How do you rewrite ${( - 7)^{ - 1}}$ without the exponent?

Answer 1

In this question, ( - 7 ) is base and -1 is exponent.
Use the negative exponent law, ${a^{ - m}} = \dfrac{1}{{{a^m}}}$.

Complete step by step answer:
We know, ${a^{ - m}} = \dfrac{1}{{{a^m}}}$
Put a as $- 7$ and m as $- 1$
Putting the values in formula ${a^{ - m}} = \dfrac{1}{{{a^m}}}$
$\Rightarrow$ ${( - 7)^{ - 1}} = \dfrac{1}{{{{( - 7)}^1}}}$
$\Rightarrow$ $\dfrac{1}{{ - 7}}$
$\dfrac{1}{{ - 7}}$ can be written both ways $\dfrac{1}{{ - 7}}$ or $\dfrac{{ - 1}}{7}$

Thus, ${( - 7)^{ - 1}}$ rewrite without exponent is $\dfrac{1}{{ - 7}}$.

Additional information:
$\dfrac{1}{{ - 7}}$ can be written as decimal also .
Here, decimal value of $\dfrac{1}{{ - 7}}$ is $- 0.142...$
Whenever negative power comes you can solve the positive exponent and for negative you can take the reciprocal.
For example, in ${( - 7)^{ - 1}}$ solve it by assuming ${( - 7)^1}$ then take reciprocal of the obtained value like this
$=\dfrac{1}{{{{( - 7)}^1}}}$
Let’s take another example whose power is other than -1,
Solving ${( - 3)^{ - 2}}$ , firstly for this solve it by taking -2 as positive
$={( - 3)^2}$
$=( - 3) \times ( - 3)$
$=9$
Now reciprocal it
$=\dfrac{1}{9}$
Preferably use formula, so as to avoid confusion.
When an exponent is a negative number, the result is always a fraction. Infractions like this numerator are always 1 as we have to reciprocal the number.

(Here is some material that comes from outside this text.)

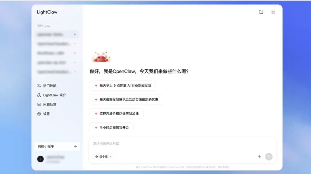 打开 LightClaw。
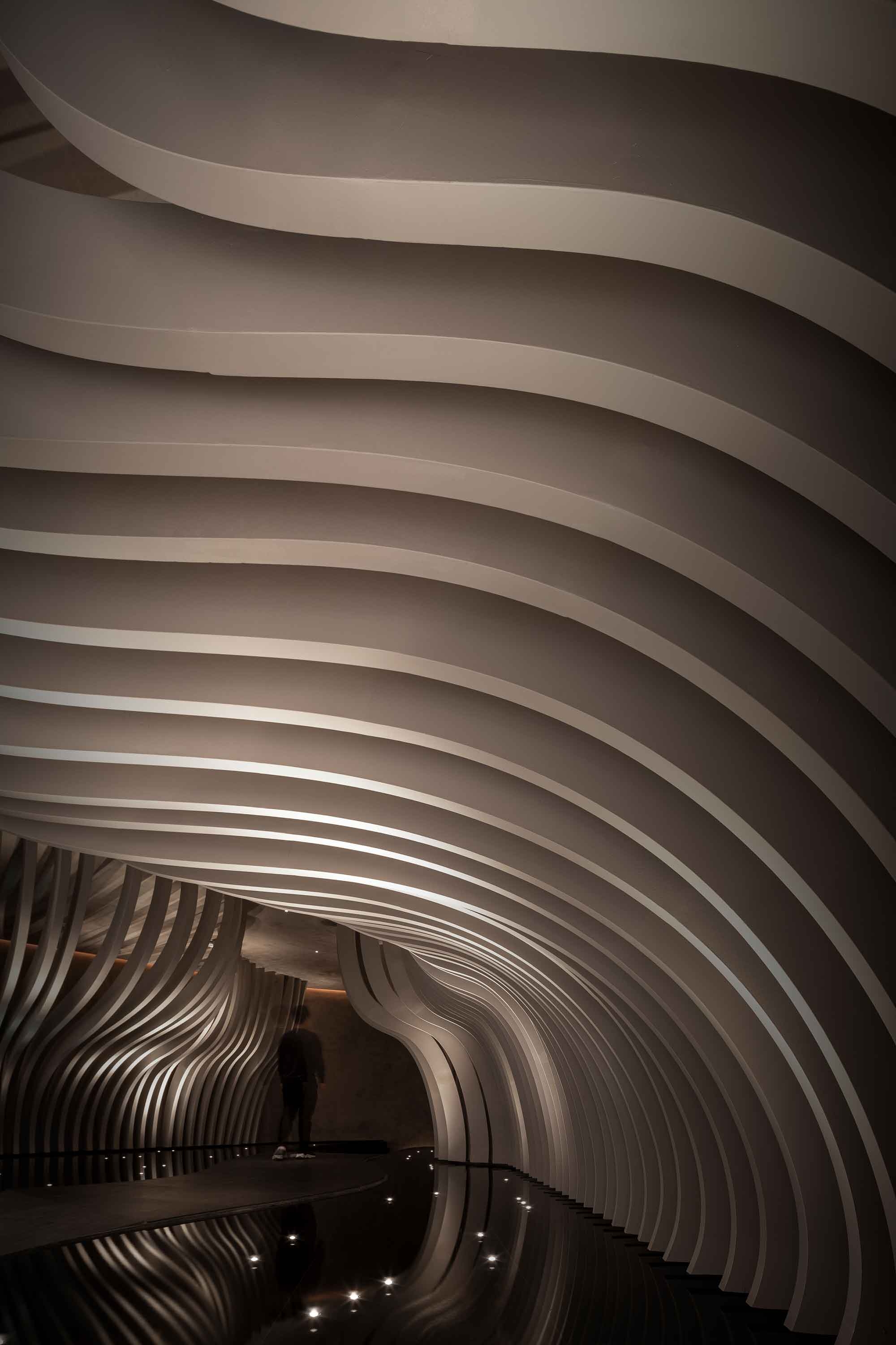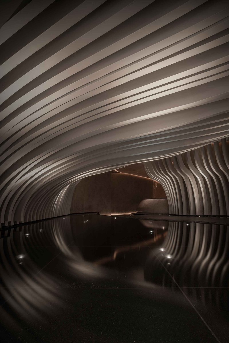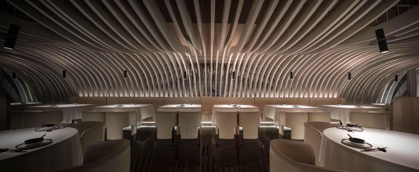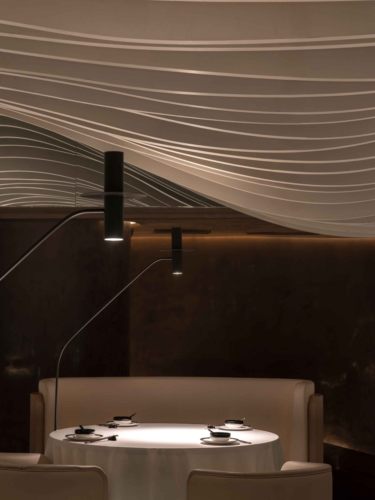 High skip-floor and floor-to-ceiling daylight rarely can be achieved in restaurant in the hall. The designers introduce the sunlight and wind into the restaurant. With sunshine, there will be vitality, dawn and dusk, as well as change of the sun and the moon.During the micro and macro realm, the designers create the details and spaciousness of natural image, demonstrating philosophy via the winding light shadow. With contemporary design, the designers express poetic expectation of writers and poets via the change of light shadow.Beyond the shape of mountain, the designers hope to present human’s emotion to nature and pursuit in spiritual world with oriental culture.

Note: All the formulas should be known for solving this type of questions.
Positive and negative signs should be taken care of while solving this type of question.
When solving negative integers be careful about grouping, to avoid confusion use brackets that make your solution clear.